* EXERCISE DIRECTIONS *
Shown below are entries with pictures; the line with "Our uninstaller detects" through the line with "Obwohl wir einen" is the span to retype exactly, and the pictures stay out.

_ _ _ _ _

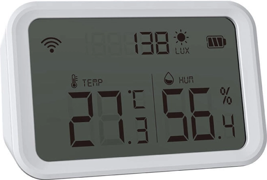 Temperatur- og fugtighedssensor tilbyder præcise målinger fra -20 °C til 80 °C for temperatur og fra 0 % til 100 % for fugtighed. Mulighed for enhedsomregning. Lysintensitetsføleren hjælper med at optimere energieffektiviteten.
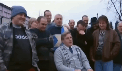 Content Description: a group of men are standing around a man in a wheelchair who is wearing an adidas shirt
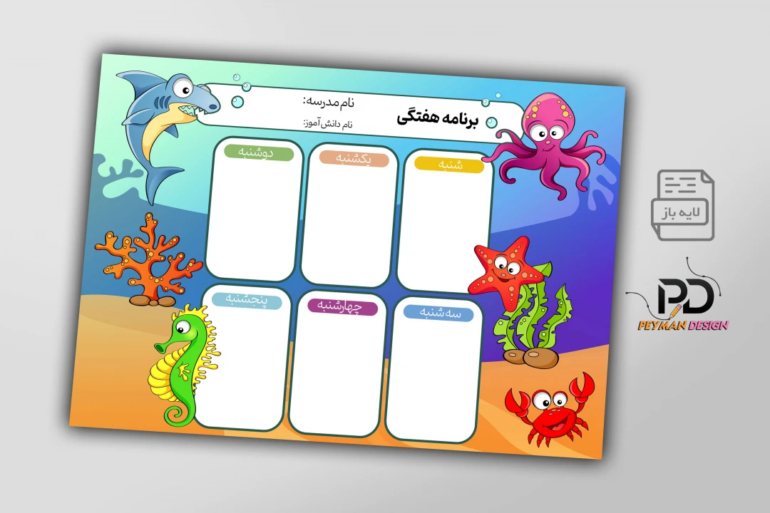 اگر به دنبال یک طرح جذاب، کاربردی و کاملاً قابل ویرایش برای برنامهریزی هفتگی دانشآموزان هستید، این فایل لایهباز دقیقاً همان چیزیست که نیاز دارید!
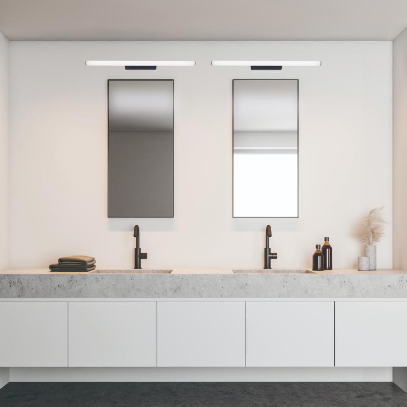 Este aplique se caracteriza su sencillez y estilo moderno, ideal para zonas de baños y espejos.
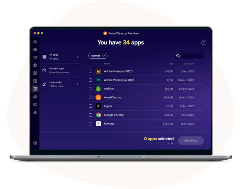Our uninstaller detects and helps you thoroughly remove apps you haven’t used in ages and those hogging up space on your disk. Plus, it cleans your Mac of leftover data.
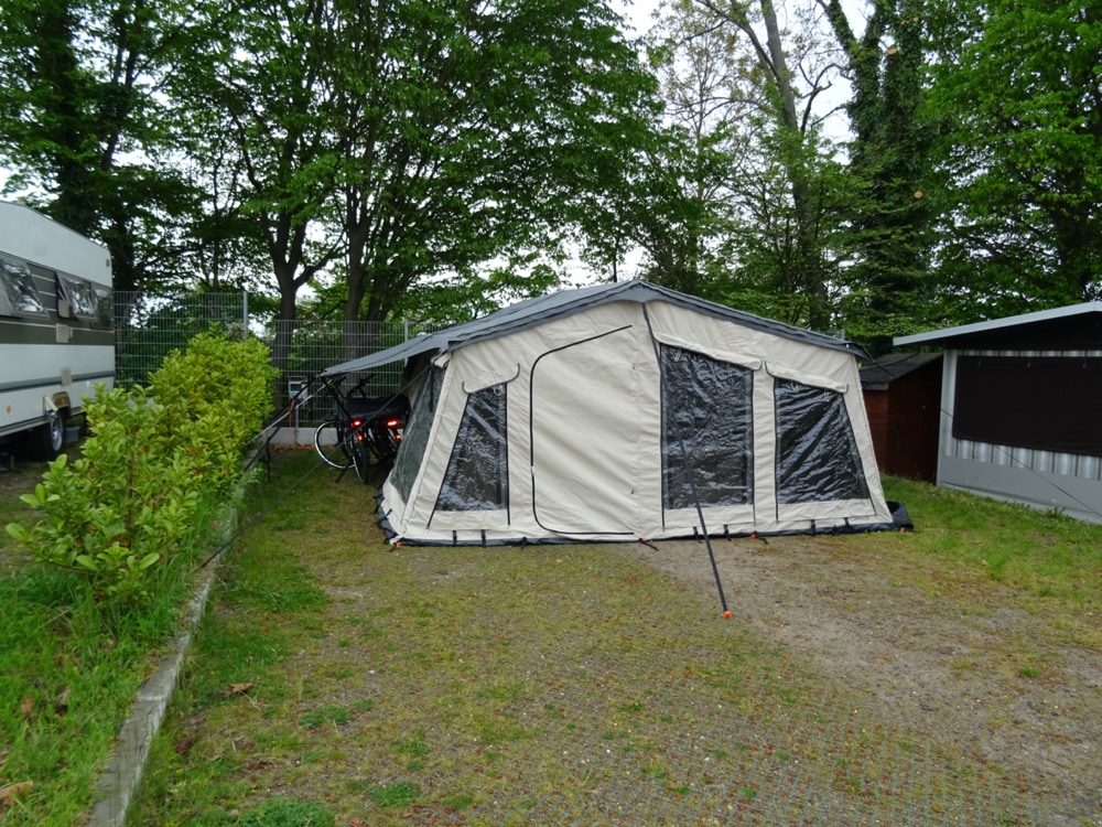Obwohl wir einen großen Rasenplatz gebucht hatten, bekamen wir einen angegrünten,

_ _ _ _ _

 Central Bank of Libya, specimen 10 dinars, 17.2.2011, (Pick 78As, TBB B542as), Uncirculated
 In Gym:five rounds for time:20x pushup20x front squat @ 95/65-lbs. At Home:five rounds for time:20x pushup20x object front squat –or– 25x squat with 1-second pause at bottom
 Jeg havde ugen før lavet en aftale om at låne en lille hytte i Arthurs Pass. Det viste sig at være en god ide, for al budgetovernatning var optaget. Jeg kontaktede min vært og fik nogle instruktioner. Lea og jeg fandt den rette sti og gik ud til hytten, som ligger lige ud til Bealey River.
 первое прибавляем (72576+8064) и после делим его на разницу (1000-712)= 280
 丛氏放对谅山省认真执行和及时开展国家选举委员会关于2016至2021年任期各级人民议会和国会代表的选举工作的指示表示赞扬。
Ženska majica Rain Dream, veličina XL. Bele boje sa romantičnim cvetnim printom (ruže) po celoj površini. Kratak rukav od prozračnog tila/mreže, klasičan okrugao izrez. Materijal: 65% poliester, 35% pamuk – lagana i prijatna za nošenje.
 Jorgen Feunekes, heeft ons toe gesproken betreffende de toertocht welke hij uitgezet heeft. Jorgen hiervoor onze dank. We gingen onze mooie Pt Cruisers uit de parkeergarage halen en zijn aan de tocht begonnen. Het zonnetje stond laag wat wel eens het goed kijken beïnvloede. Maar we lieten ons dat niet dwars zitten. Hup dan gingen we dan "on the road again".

_ _ _ _ _

* THE COMPLETED TASK *
Our uninstaller detects and helps you thoroughly remove apps you haven’t used in ages and those hogging up space on your disk. Plus, it cleans your Mac of leftover data.
Obwohl wir einen großen Rasenplatz gebucht hatten, bekamen wir einen angegrünten,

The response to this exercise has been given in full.